What you are asked to do
The line with "Year: 2013 Place: Gent" marks the start; please set it down along with all later lines through the end of the material, exactly, leaving out pictures.
(Data segment)
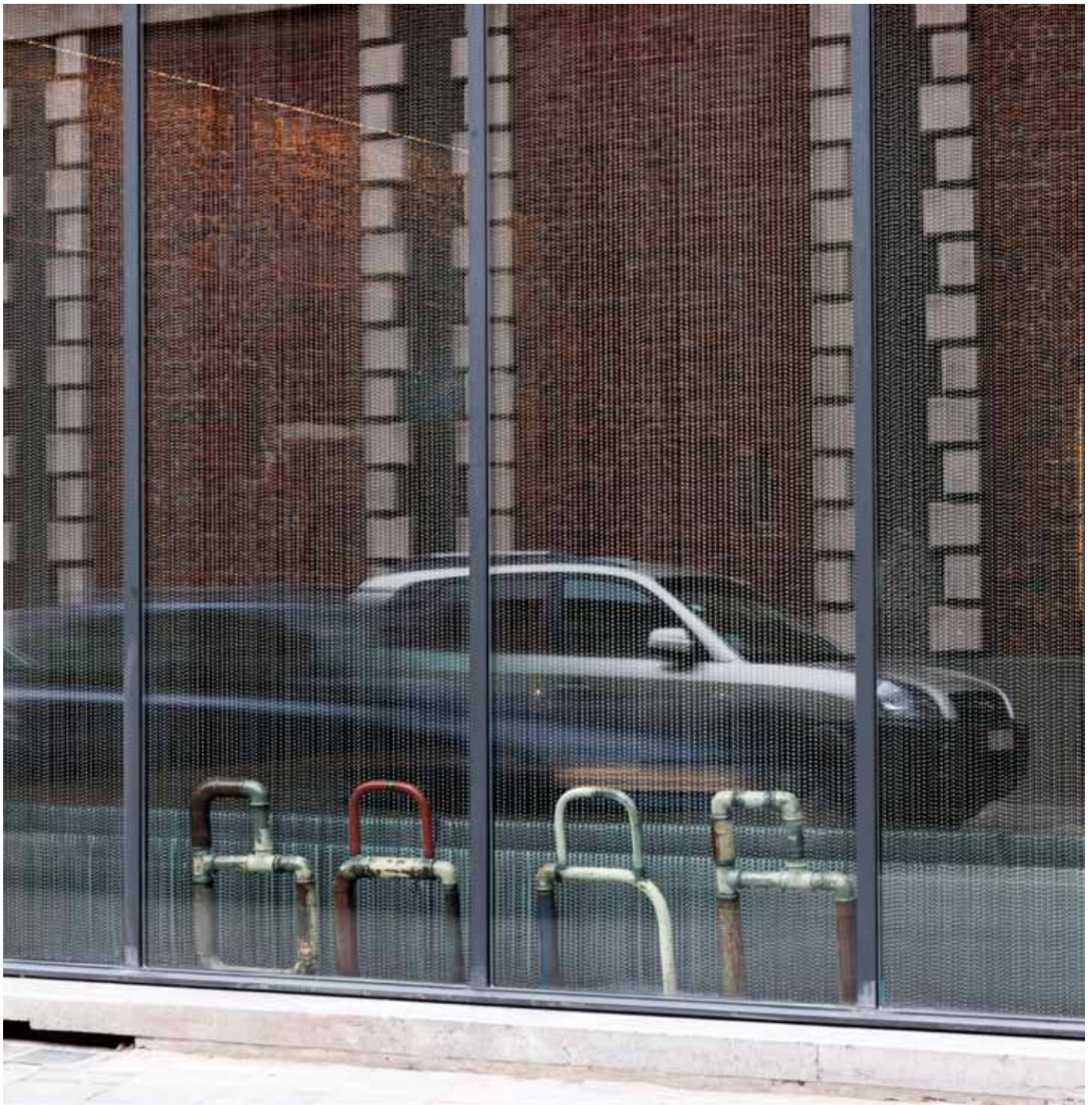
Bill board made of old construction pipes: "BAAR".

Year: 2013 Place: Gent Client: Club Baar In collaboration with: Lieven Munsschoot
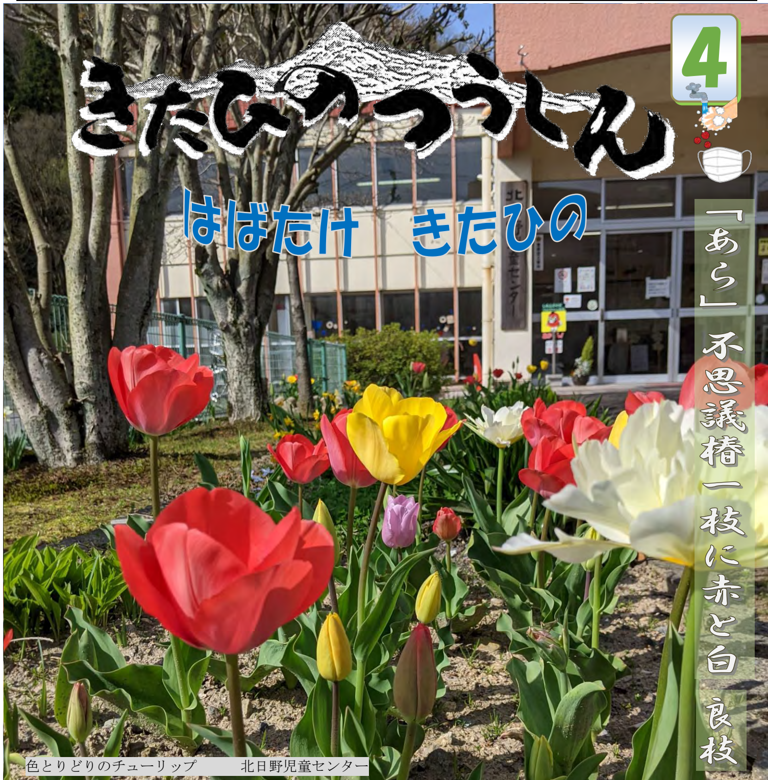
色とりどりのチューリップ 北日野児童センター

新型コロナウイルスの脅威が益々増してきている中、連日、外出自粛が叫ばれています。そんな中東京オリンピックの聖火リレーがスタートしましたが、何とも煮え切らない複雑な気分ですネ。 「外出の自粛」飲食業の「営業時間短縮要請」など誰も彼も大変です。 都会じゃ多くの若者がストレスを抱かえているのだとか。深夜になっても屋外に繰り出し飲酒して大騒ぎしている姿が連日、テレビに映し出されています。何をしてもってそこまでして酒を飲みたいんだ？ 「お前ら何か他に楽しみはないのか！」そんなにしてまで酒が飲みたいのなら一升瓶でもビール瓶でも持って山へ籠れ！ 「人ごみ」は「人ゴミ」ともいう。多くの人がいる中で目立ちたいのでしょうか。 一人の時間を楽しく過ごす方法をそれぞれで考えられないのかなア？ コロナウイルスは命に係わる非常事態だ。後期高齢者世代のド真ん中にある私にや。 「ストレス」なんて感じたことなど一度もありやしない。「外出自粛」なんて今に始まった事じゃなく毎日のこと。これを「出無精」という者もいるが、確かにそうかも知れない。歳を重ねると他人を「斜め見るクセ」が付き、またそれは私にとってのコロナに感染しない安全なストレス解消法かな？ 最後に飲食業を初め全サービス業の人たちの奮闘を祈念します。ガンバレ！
(End Data segment)
Solution to the problem
Year: 2013 Place: Gent Client: Club Baar In collaboration with: Lieven Munsschoot
色とりどりのチューリップ 北日野児童センター

新型コロナウイルスの脅威が益々増してきている中、連日、外出自粛が叫ばれています。そんな中東京オリンピックの聖火リレーがスタートしましたが、何とも煮え切らない複雑な気分ですネ。 「外出の自粛」飲食業の「営業時間短縮要請」など誰も彼も大変です。 都会じゃ多くの若者がストレスを抱かえているのだとか。深夜になっても屋外に繰り出し飲酒して大騒ぎしている姿が連日、テレビに映し出されています。何をしてもってそこまでして酒を飲みたいんだ？ 「お前ら何か他に楽しみはないのか！」そんなにしてまで酒が飲みたいのなら一升瓶でもビール瓶でも持って山へ籠れ！ 「人ごみ」は「人ゴミ」ともいう。多くの人がいる中で目立ちたいのでしょうか。 一人の時間を楽しく過ごす方法をそれぞれで考えられないのかなア？ コロナウイルスは命に係わる非常事態だ。後期高齢者世代のド真ん中にある私にや。 「ストレス」なんて感じたことなど一度もありやしない。「外出自粛」なんて今に始まった事じゃなく毎日のこと。これを「出無精」という者もいるが、確かにそうかも知れない。歳を重ねると他人を「斜め見るクセ」が付き、またそれは私にとってのコロナに感染しない安全なストレス解消法かな？ 最後に飲食業を初め全サービス業の人たちの奮闘を祈念します。ガンバレ！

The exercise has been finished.